EXERCISE INSTRUCTIONS = For the entries below, the result should be an exact transcription of the lines from the one with "Side impact protection" up to and including the one with "Vintage Rose 3", and only those.

DATASET EXTRACT =
******
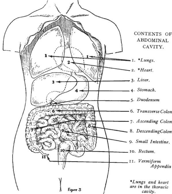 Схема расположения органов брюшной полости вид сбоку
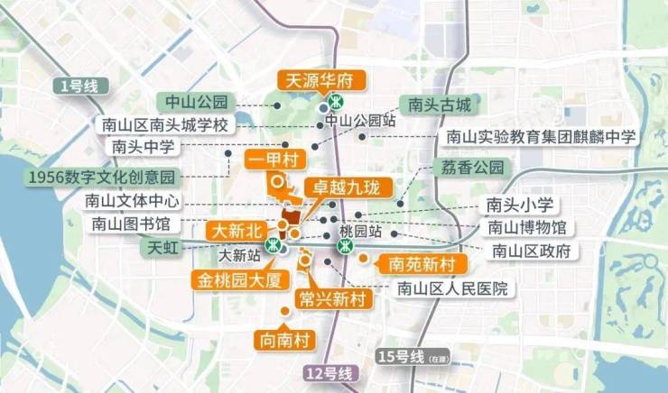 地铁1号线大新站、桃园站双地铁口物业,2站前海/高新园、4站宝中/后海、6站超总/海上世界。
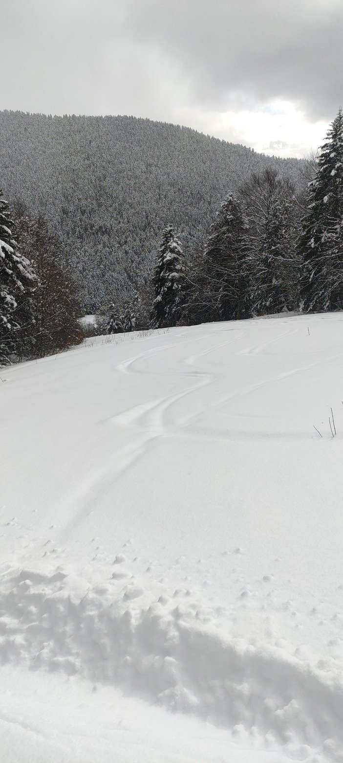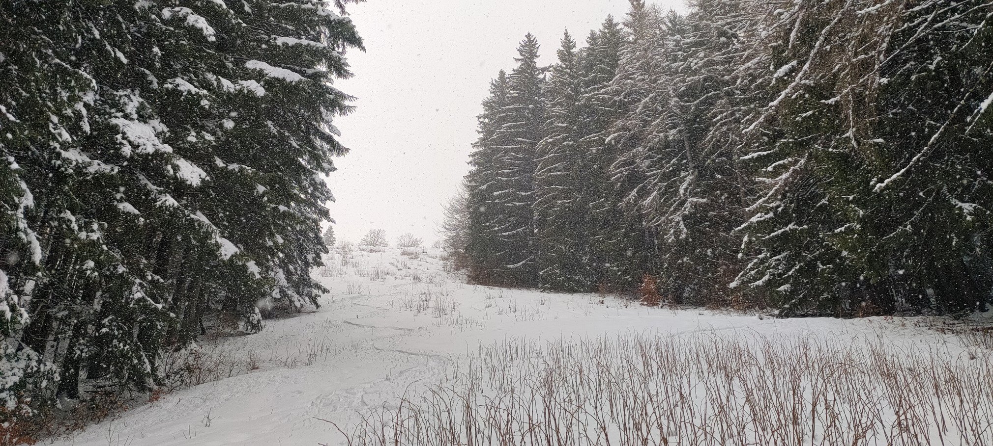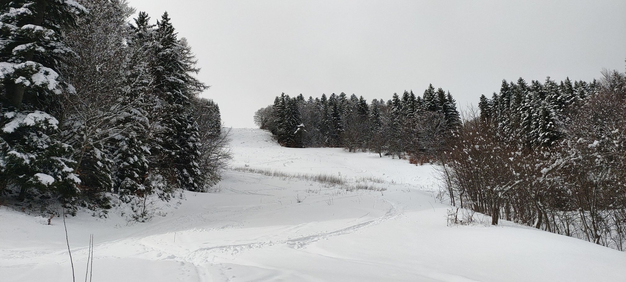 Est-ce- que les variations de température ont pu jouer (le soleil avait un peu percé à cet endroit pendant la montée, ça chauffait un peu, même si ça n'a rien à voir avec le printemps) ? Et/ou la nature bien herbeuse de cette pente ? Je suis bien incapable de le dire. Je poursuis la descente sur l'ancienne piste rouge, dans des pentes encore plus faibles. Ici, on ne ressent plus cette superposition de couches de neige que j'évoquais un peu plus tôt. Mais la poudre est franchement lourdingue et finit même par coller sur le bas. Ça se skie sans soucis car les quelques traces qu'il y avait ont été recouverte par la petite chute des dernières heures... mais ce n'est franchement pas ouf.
******
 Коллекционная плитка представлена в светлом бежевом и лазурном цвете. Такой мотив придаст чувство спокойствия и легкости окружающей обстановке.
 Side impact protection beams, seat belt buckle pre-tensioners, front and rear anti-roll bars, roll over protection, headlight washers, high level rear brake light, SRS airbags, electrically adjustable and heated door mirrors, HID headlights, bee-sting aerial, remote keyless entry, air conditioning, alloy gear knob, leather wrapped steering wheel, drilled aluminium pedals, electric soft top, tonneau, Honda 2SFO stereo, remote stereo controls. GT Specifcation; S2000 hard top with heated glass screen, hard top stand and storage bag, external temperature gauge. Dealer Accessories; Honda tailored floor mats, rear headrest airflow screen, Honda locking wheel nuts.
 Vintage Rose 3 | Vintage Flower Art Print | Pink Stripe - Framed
******
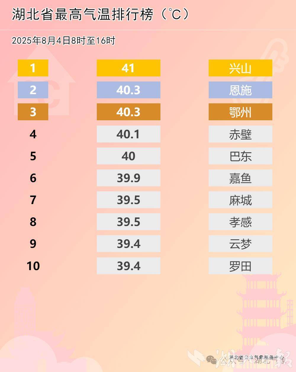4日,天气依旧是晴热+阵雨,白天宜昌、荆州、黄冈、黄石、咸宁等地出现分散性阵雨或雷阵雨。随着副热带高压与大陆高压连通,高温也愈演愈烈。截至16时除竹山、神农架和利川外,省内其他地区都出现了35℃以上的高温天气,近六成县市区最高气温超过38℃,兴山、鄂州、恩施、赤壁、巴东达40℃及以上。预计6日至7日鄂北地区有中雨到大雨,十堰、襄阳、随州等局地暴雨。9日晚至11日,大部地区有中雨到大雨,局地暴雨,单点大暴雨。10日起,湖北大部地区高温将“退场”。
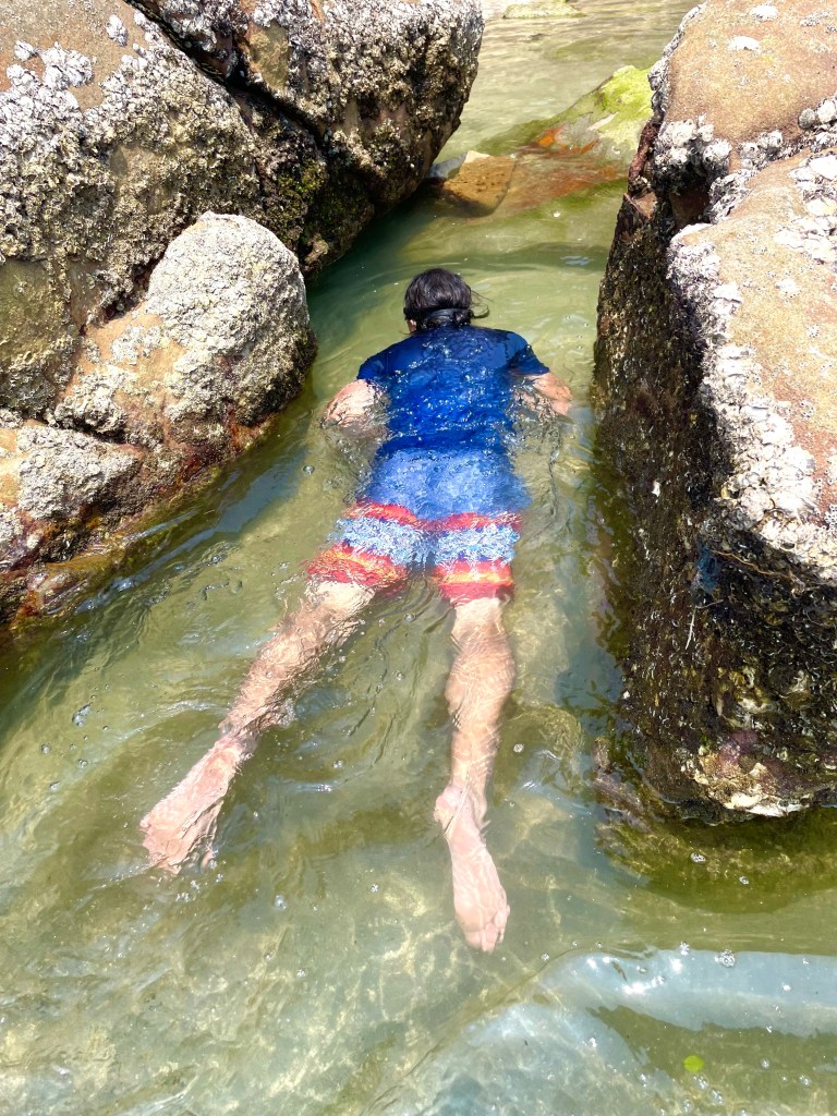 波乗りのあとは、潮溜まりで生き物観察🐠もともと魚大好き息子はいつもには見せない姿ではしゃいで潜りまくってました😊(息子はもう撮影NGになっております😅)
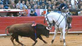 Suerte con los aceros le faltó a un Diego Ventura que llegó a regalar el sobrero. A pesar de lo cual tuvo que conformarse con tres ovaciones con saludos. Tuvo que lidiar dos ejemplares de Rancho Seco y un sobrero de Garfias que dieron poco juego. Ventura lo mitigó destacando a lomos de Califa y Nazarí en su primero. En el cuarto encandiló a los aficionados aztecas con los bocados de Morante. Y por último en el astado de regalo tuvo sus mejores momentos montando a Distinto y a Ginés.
******
SOLVED PROBLEM =
 Side impact protection beams, seat belt buckle pre-tensioners, front and rear anti-roll bars, roll over protection, headlight washers, high level rear brake light, SRS airbags, electrically adjustable and heated door mirrors, HID headlights, bee-sting aerial, remote keyless entry, air conditioning, alloy gear knob, leather wrapped steering wheel, drilled aluminium pedals, electric soft top, tonneau, Honda 2SFO stereo, remote stereo controls. GT Specifcation; S2000 hard top with heated glass screen, hard top stand and storage bag, external temperature gauge. Dealer Accessories; Honda tailored floor mats, rear headrest airflow screen, Honda locking wheel nuts.
 Vintage Rose 3 | Vintage Flower Art Print | Pink Stripe - Framed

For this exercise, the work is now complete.